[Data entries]
************

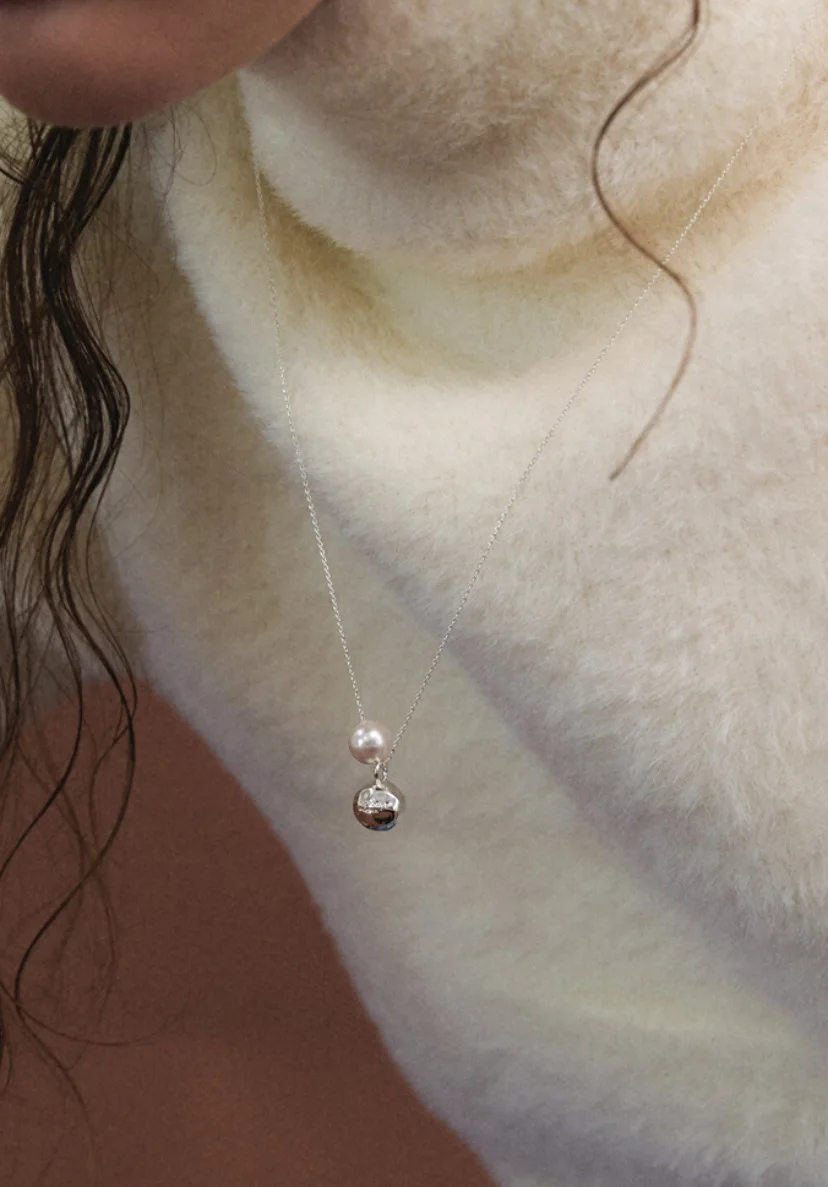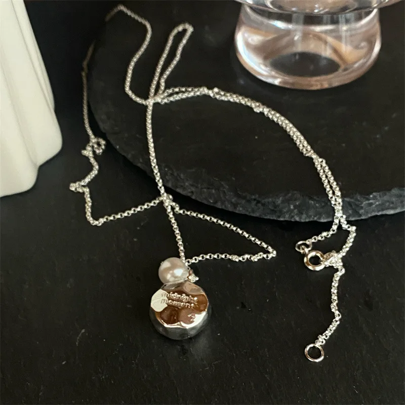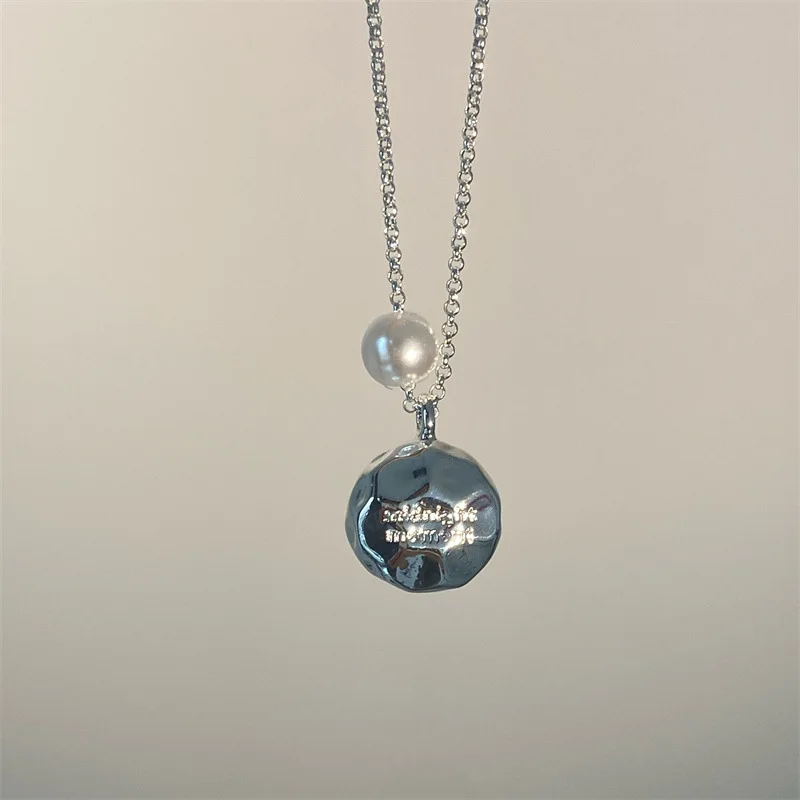 Fashionable New 925 Sterling Silver Pearl Sphere Pendant Necklace Elegant Exquisite Round Sweater Chain Necklace for Women
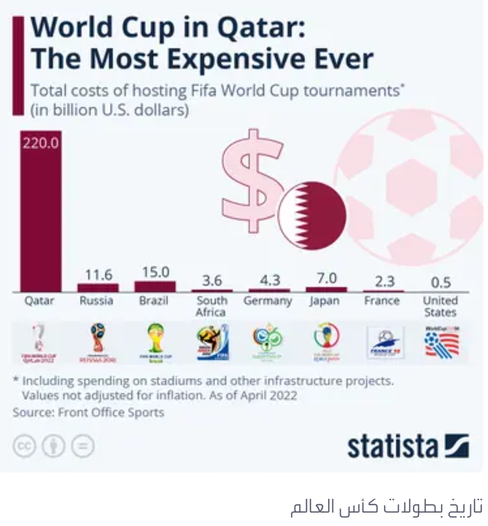 وأوضحت البيانات التي جمعتها “Statista” أن كأس العالم لهذا العام في قطر هي الأغلى على الإطلاق، وبفارق صارخ، إذ ستبلغ التكلفة الإجمالية للبطولة الفلكية حوالي 220 مليار دولار، وهو ما يتجاوز جميع التكاليف التاريخية للبطولة تقريباً.
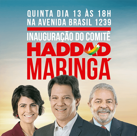 Será inaugurado nesta quinta-feira, às 18h, o comitê de Fernando Haddad (PT) em Maringá. O comitê fica na avenida Brasil, 1.239, Vila Operária.
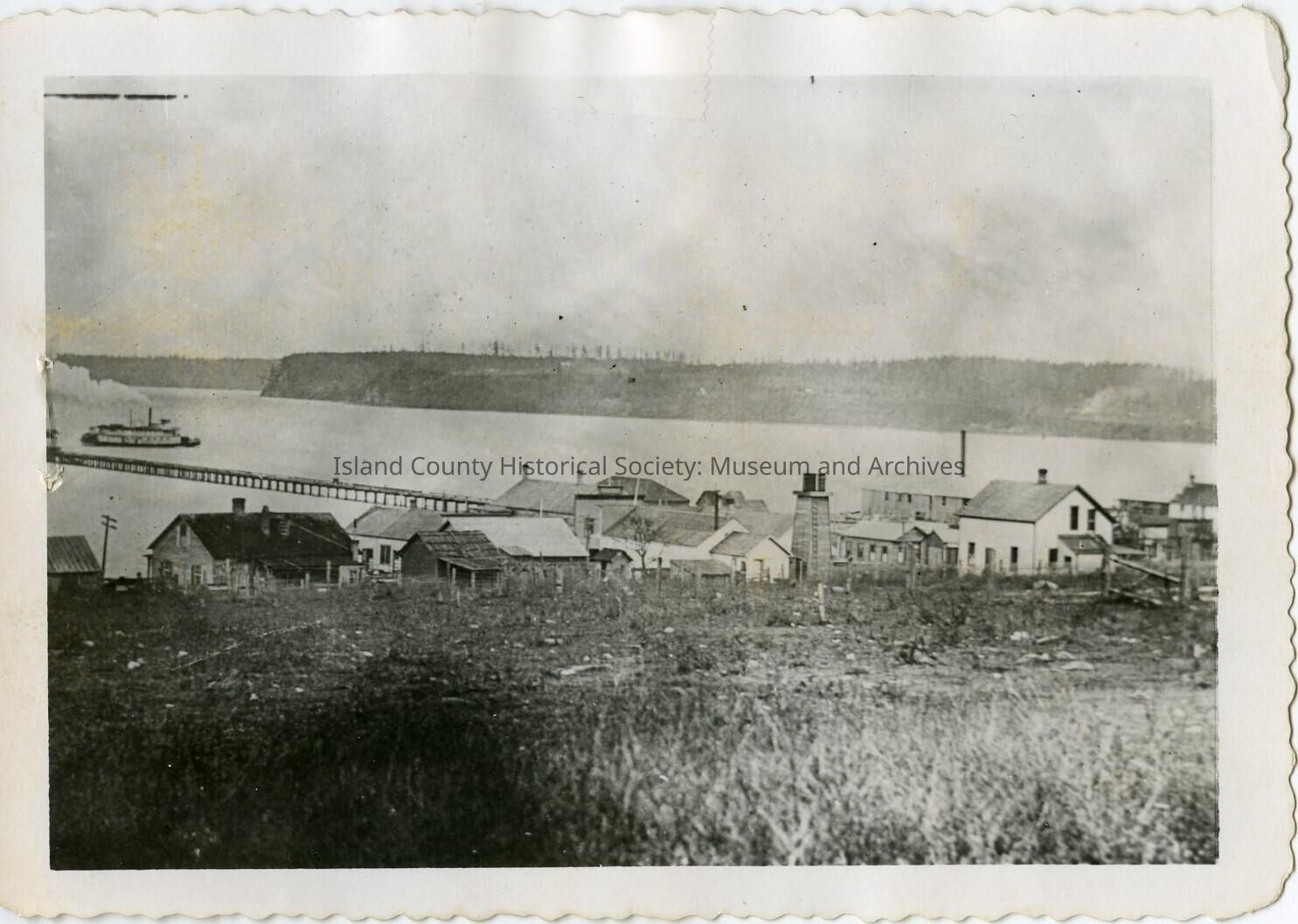 View of the town of Oak Harbor from the rooftop of a building, in the background the SS Fairhaven can be seen.
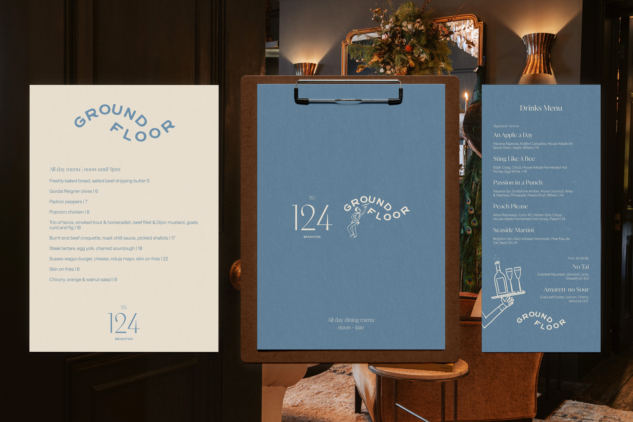 Branding and design for the Ground Floor eatery at No.124; a casual, all-day dining spot at the heart of the No.124.
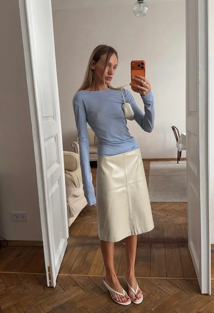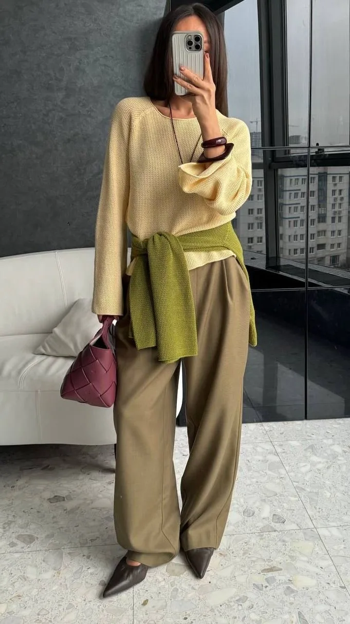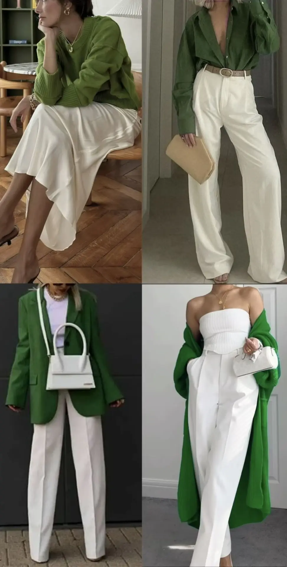 В 2026 его особенно интересно раскрывать через сочетания. Например, с белым — получается чисто и спокойно, с бежевым — максимально деликатно и дорого, а если добавить серый или деним, образ становится более современным и собранным. Для смелых — попробуйте фисташку с контрастными акцентами, и тогда он заиграет совсем по-новому.

************

Give back exactly the lines above from the one with "View of the" through the one with "Branding and design", both included. Pictures don't belong in the copy.

* SOLVED PROBLEM
 View of the town of Oak Harbor from the rooftop of a building, in the background the SS Fairhaven can be seen.
 Branding and design for the Ground Floor eatery at No.124; a casual, all-day dining spot at the heart of the No.124.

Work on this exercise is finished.